Rocco Schiavone 4: recensione del primo episodio della fiction con Marco Giallini

Rocco Schiavone è tornato: una quarta stagione di sole due puntate ma particolarmente significative per comprendere ancora di più la geografia sentimentale del vicequestore interpretato da Marco Giallini.

Prodotto da Cross Production e Beta Film insieme a Rai Fiction per la regia di Simone Spada, Marco Giallini torna a vestire i panni di Rocco Schiavone in soli due episodi che compongono la quarta stagione, quasi un completamento della terza voluti dal regista. Queste due nuove puntate, per dare al personaggio di Schiavone ancora più profondita e la percezione che si ha è quella delle infinite sfumature di un uomo per cui la vita sembra ricominciare daccapo pur restando sempre la stessa.

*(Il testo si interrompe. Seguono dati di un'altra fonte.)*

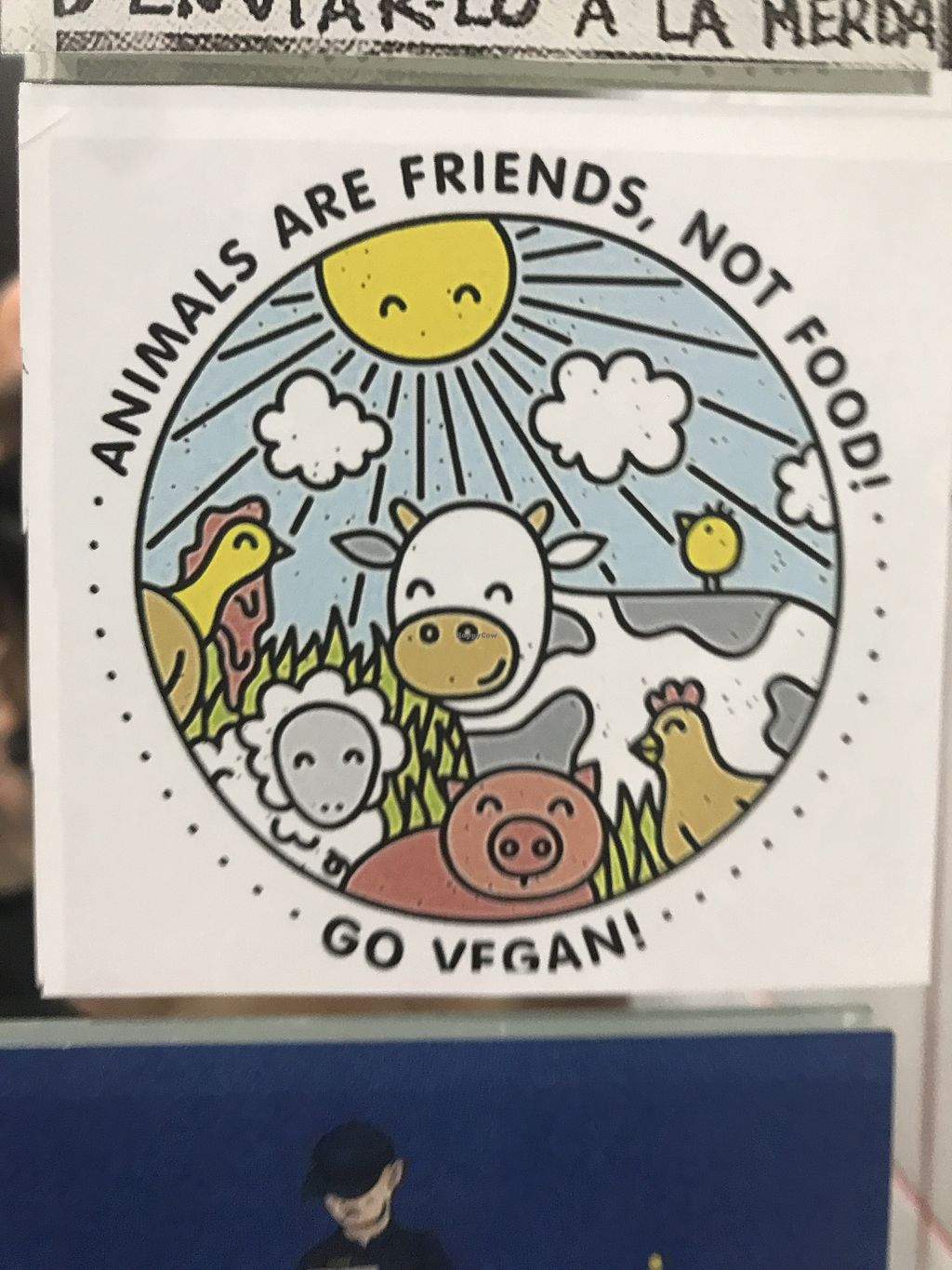 Comimos de menú del día por 15€ (pan, postre y bebida incluidos). Todas las opciones son veganas y están ricas. El local es amplio y tiene una sección de librería y camisetas antiespecistas.

Così tutto riparte dai punti oscuri dell’ultimo episodio della terza stagione, che se voleva suggerirci magari una fuga definitiva di Schiavone dal suo passato con un finale in stile Cast Away, la verità è che si era alzata troppa polvere per lasciarsi alle spalle un passato che sembrava definitivamente chiuso.

Rocco Schiavone 4: la trama della fiction di Rai Due con Marco Giallini

Rocco Schiavone (Marco Giallini) ha lasciato l’Italia: dopo le rivelazioni di Enzo Baiocchi, il fratello dell’uomo ucciso da Schiavone per vendicare l’omicidio della moglie, il vicequestore romano, per timore che la Polizia possa risalire a lui, prova a scappare da Aosta e al massimo attendere che il caso faccia il suo corso.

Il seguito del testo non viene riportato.